Data Protection by Design in Mendix

Why discipline is not a control mechanism

Reading time: ±8 minutes

1. Introduction

How many of you have had a copy of production on your laptop in the past year? No trick question. Just curiosity. Chances are that the answer is not zero.

Production data is particularly helpful. It contains real customers, real edge cases, real inconsistencies; exactly the things that are always just missing in a synthetic dataset. And so we copy. Usually with the best intentions, and a healthy dose of suppression of our conscience. That in itself is not surprising; It is efficient and often the fastest way to understand a problem. Physics also has few experiments without measurement data.
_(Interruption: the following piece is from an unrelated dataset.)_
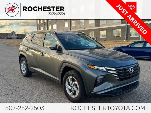 The 2023 Hyundai Tucson SEL AWD is a versatile and well-equipped compact SUV designed to deliver comfort, technology, and confidence in all driving conditions. This CARFAX One-Owner, Clean CARFAX Tucson features All-Wheel Drive for enhanced traction and capability, along with advanced safety technologies such as Forward Collision Warning, Blind-Spot Monitoring, Lane Keeping Assist, Electronic Stability Control, and a rear backup camera to help keep you protected on every drive. Inside, the cabin offers heated front seats, a power driver seat, stain and odor resistant cloth seating, and dual-purpose touchscreen controls with Apple CarPlay, Android Auto, Bluetooth® hands-free connectivity, SiriusXM capability, and a premium AM/FM/HD audio system for seamless connectivity and entertainment. Additional highlights include remote keyless entry, power liftgate, cruise control, automatic high-beam headlights, heated mirrors, and stylish 17-inch alloy wheels, while Hyundai Blue Link Connected Car Service (3-year complimentary subscription) adds extra convenience and peace of mind. Finished in Amazon Gray and delivering an efficient 23/28 city/highway MPG, this 2023 Hyundai Tucson SEL AWD is a recent arrival that blends modern design, smart technology, and everyday practicality - making it an excellent choice for drivers searching for a reliable and feature-packed SUV.

But then follows a series of questions:

  • Which data is actually sensitive?
  • What attributes contain personal data, directly or indirectly, or contain business-sensitive information?
  • How do you anonymize or protect that data?
  • What do you do with references and derived values?
  • How do you know that you are not overlooking anything?
  • And if you had to do this again tomorrow, you would get the exact same result?

In practice, these questions are rarely asked explicitly. The focus is on reproducing the bug or finalizing the user story; not on formalising a structural approach to data protection. Then the protection of sensitive data does not become a feature of the model, but a manual correction afterwards.

2. The conditions

If protection of sensitive data is to be a mature design aspect, it must meet a number of conditions:

1. It must be transparent. Choices about sensitive attributes should be an explicit and visible part of the design, not implicitly hidden in scripts or in heads.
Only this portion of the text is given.